When the South African Communist Party was conceived and born in secret between 1950 and 1952, it was the most anti-Jewish political party in South Africa, despite having - head for head - the greatest proportion of Jews among its leading members.
"You Jews," the Big Daddy of South Africa's (and all the world's) Communists, Joseph Stalin, told the émigré German Jewish writer, Leon Feuchtwanger, during a six-hour interview in the Kremlin on 8 January 1937, "You Jews have created one eternally true legend - that of Judas." In other words: you are traitors and betrayers, by nature and by history. That is what you are.
In other words: you deserve to be destroyed.
Not Moses, not Jesus, but Judas - this defined Jews as a racial category for Stalin (his adopted Russian name, meaning "steel"), who as a young seminarian Iosip Vissarionovich Djugashvili studied the teachings of the Orthodox Christian Church in his native Georgia
As Feuchtwanger noted in his book Moskau 1937, published the same year in Amsterdam, "When I saw Stalin, the proceedings against the first Trotsky group, Zinoviev and Kamenev, were over; the accused had been condemned and shot, and an action against the second Trotsky group, Pyatakov, Radek, Bukharin and Rykov, was pending" (cited in Karl Schlögel, Moscow, 1937, translated by Rodney Livingstone, Polity Press, London, 2012. pp.83-84).
Radek (shot in 1939), Trotsky (assassinated on Stalin's orders in 1940), Zinoviev and Kamenev (shot in 1936) were all Jews.
This was only the prelude, however, to Stalin's great anti-Jewish pogrom of the last six years of his life, before his death on 5 March 1953 - an event which saved the lives of unknown tens of thousands of people. Stalin's final purge of Jews took place across all countries directly under his command in a period that covered the last two and a half years of active existence of the Communist Party of South Africa (which dissolved itself in June 1950, before it was banned), followed by the two years in which the CPSA recreated itself in secret prior to the "formal founding conference" of the SACP in 1952 with "about twenty-five delegates" at the back of a shop "in a rural part of the Eastern Transvaal", as Rusty Bernstein, one of its leaders, has reported.

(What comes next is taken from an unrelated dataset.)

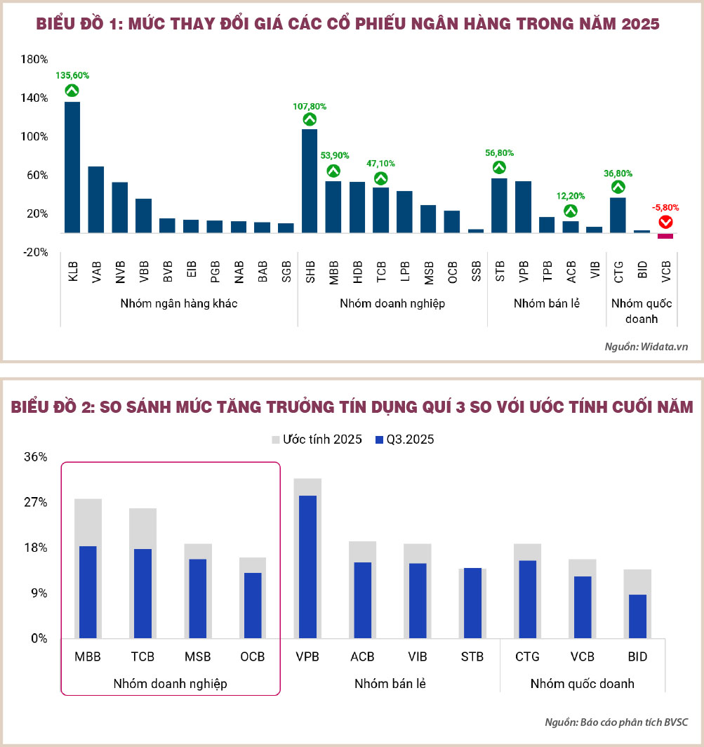 Năm 2025 ghi nhận sự bứt phá mạnh mẽ của nhiều cổ phiếu ngân hàng, thậm chí có những mã tăng với biên độ rất lớn, phản ánh kỳ vọng cao của dòng tiền vào chu kỳ tín dụng mới. Tuy nhiên, mức tăng không diễn ra đồng đều giữa các ngân hàng mà có sự chênh lệch rõ rệt, cho thấy thị trường đang định giá dựa trên kỳ vọng riêng cho từng mô hình kinh doanh.

Every one of Stalin's murders of Jews was cheered and celebrated by the CPSA-SACP, not least by their Jewish members.
At the same time, every one of the Jewish founding members of the SACP - among them Rusty Bernstein, Joe Slovo, Michael Harmel, Ray Alexander, Eli and Violet Weinberg, Brian Bunting, Hymie and Esther Barsel, Julius and Tilly First (the parents of Ruth First) and Ben Turok (the only one of these still alive) - would almost certainly have been executed themselves by Stalin, because they were Jews, if they had been Communists in Russia or anywhere in Eastern Europe in the period 1948-1953.

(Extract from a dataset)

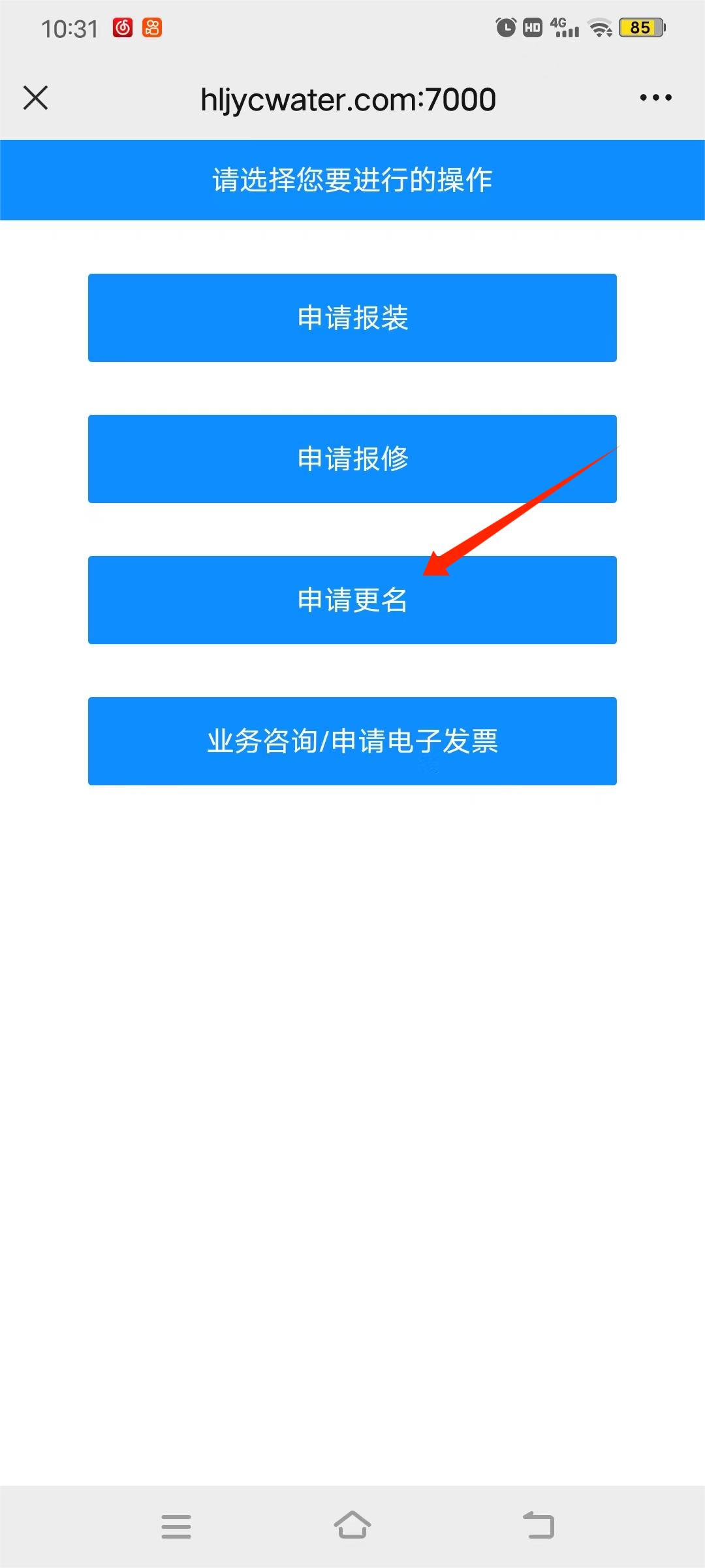5、点击“申请更名”

That is the crazy, racist secret at the heart of the SACP, which earlier this month published a renewed attack on Israel in the same manner as Stalin. With no equivalent critique of the ongoing slaughter day after day between Muslim and Muslim in Syria, or the Jihadi attack by Al-Shabaab on innocent Kenyans at a shopping mall in Nairobi last September, or the ongoing mass murder of students and church-goers by Boko Haram in Nigeria, or the assistance given by an al-Qaeda cell in South Africa to the "White Widow", Samantha Lewthwaite, to travel in and out of the country under a false passport, the article "Israel's ‘South Africa' moment is here" by the SACP's second deputy general secretary, Solly Mapaila, treads again the path where Stalin led.
The complexities of political reality in the Middle East were of no concern to Mapaila in this article, who acts on behalf of his party on this issue as an auxiliary of genocidal Jihadi Islamism.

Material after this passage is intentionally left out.